4

In Julia, I'd like to calculate a GLM with family Binomial() and LogitLink(). My data are three linear arays: xvalues, number of hits, and number of misses. I would like to explain the binomially distributed hits and misses by their positions on the x axis. I have multiple samples with the same x coordinates (because the data originally stems from a 2D array that was flattened).

In R, I have to supply hits and misses in a two-column-matrix. Something like the following works:

glm1 <- glm(cbind(hits, misses)~xvalues, family=binomial)

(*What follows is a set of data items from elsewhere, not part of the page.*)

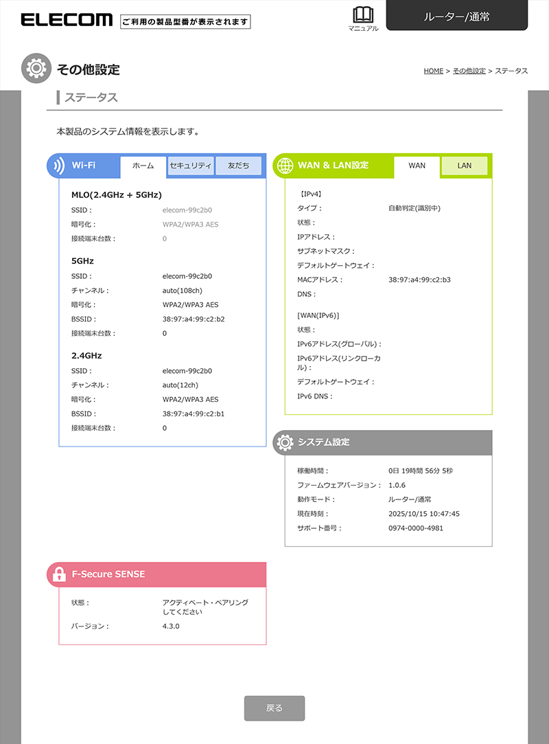 | ステータス | 本製品に関するさまざまなステータス情報を確認することができます。詳細 |
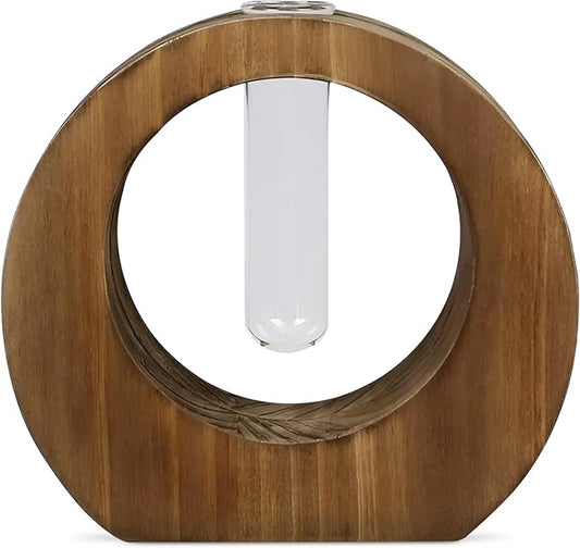 Young's Inc Wood Tabletop with Glass Tube Vase, Propagated Plant Holders for Home Decor, Boho Flower Vase for Flower Display, Handcrafted Antique Vase
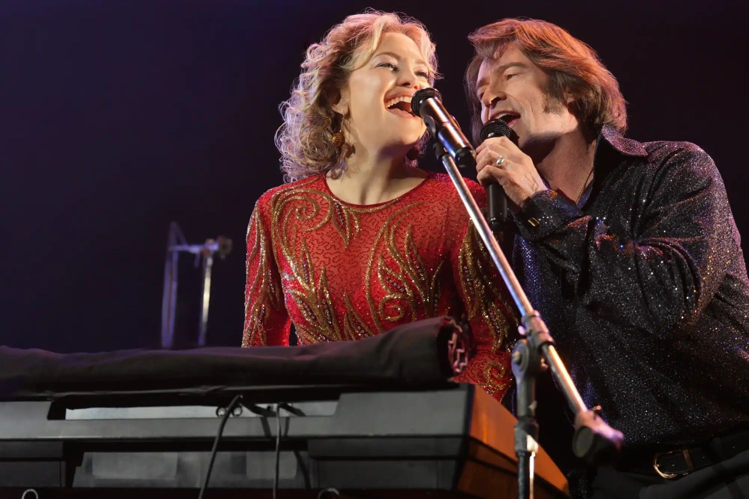 Szkoda tylko, że poziom aktorstwa zdecydowanie wyrasta ponad to, co był w stanie zrobić z całym materiałem twórca filmu. Craig Brewer jako reżyser, scenarzysta i producent nie dał rady nadać swojemu dziełu gatunkowej ciężkości i zrealizować czegoś wyrastającego ponad dość szablonowy film muzyczny. Cały dramatyzm dostał „za darmo”, prosto z życiorysu bohaterów, który przedstawił poprawnie, nic ponad to. Do tego lubuje się w tanich melodramatycznych chwytach. W pierwszej części filmu serwuje nam prawdziwą gonitwę scen, chcąc pokazać i sceniczne show, i relację pomiędzy bohaterami, i życiowy dramat. W efekcie wszystko zdaje się dziać bardzo szybko – poznanie się, zakochanie, ślub, kryzys. Tutaj obciążeniem staje się to, że film opowiada prawdziwą historię, która musi zmieścić w dwugodzinnym materiale. Słabo wyeksponowany jest drugi plan, na którym tylko w przelocie możemy zobaczyć ten cały amerykański muzyczny fenomen – świat pełen barów z muzyką na żywo, lokalnych kapel, podrzędnych sal koncertowych, sprytnych menadżerów i muzyków naiwnie marzących o wielkiej sławie oraz tych, którzy już o niczym nie marzą, tylko próbują związać koniec z końcem. Gdzieś tam przemyka dawno niewidziany na dużym ekranie Jim Belushi, nie mający kompletnie nic do zagrania. Zresztą poza dwójką głównych aktorów tu nikt nie ma wiele do zagrania. Ten film na pewno mógłby być lepszy. Chociaż, z drugiej strony, może jest zupełnie wystarczający dla przedstawienia historii dwojga skromnych marzycieli w festyniarskich kostiumach? Może nigdy nie stali się wielcy, ale chociaż przez moment stanęli w cieniu wielkich, wspierając się nawzajem w najtrudniejszych chwilach. Poza tym wspólne występy Jackmana i Hudson dodają jednak temu prostemu filmowi magii.
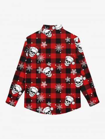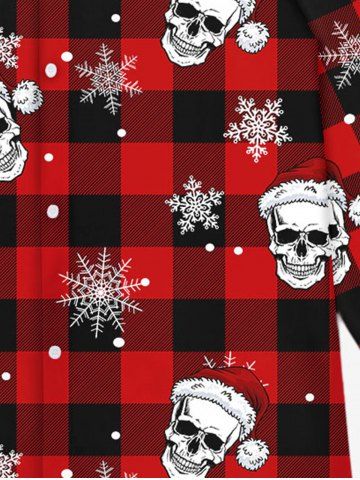 Gothic Christmas Hat Skull Snowflake Plaid Print Buttons Turn-down Collar Long Sleeves Shirt For Men - Red - M
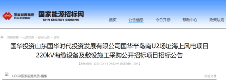 招標(biāo)范圍為國家能源集團(tuán)國華半島南U2海上風(fēng)電項(xiàng)目2回(兩期各1回)220kV海纜設(shè)備采購及敷設(shè)施工,包括但不限于:(具體詳見第五章技術(shù)文件)
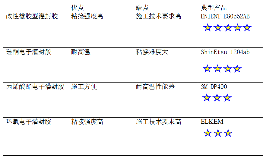 綜上所述,選擇電機(jī)定子灌封膠應(yīng)綜合考慮產(chǎn)品使用環(huán)境、成本和性能要求。在選擇具體品牌時(shí)也需要注意產(chǎn)品的質(zhì)量和售后服務(wù)。以下是一些知名的電子灌封膠品牌供參考:ENIENT、3M集團(tuán)、東芝等。

But in the GLM formula in Julia, I cannot specify arbitrary arrays. Rather, I have to specify columns from a dataframe and dataframe columns cannot be 2D it seems. So I've put my data into a dataframe:

data = DataFrame(xvals = xvals, hits = hits, misses = misses)

and tried things that don't work (like this):

glm1 = glm(hcat(hits, misses) ~ xvals, data, family = Binomial, link = LogitLink())

An example with data can be downloaded here.

Any advice? Cheers, Hannes

Hannes Becher
  • 149
  • 1
  • 6

1 Answers1

2

While it isn't pretty to inflate the dataset into a ~100k row dataframe, it does get it to work. To use the code below, first load your dataset into xvals,hits and misses (as linked in the question) and then:

# spreading dataset to one row per trial...   
data = DataFrame(
    xvals = vcat(rep(xvals,hits),rep(xvals,misses)), 
    outcome = vcat(rep(1,sum(hits)),rep(0,sum(misses))))

glm1 = glm(outcome ~ xvals, data, Binomial(),LogitLink())

The results seem to fit the data by my cursory glance. Also note the Binomial and LogicLink are positional parameters and not named parameters.

Dan Getz
  • 17,002
  • 2
  • 23
  • 41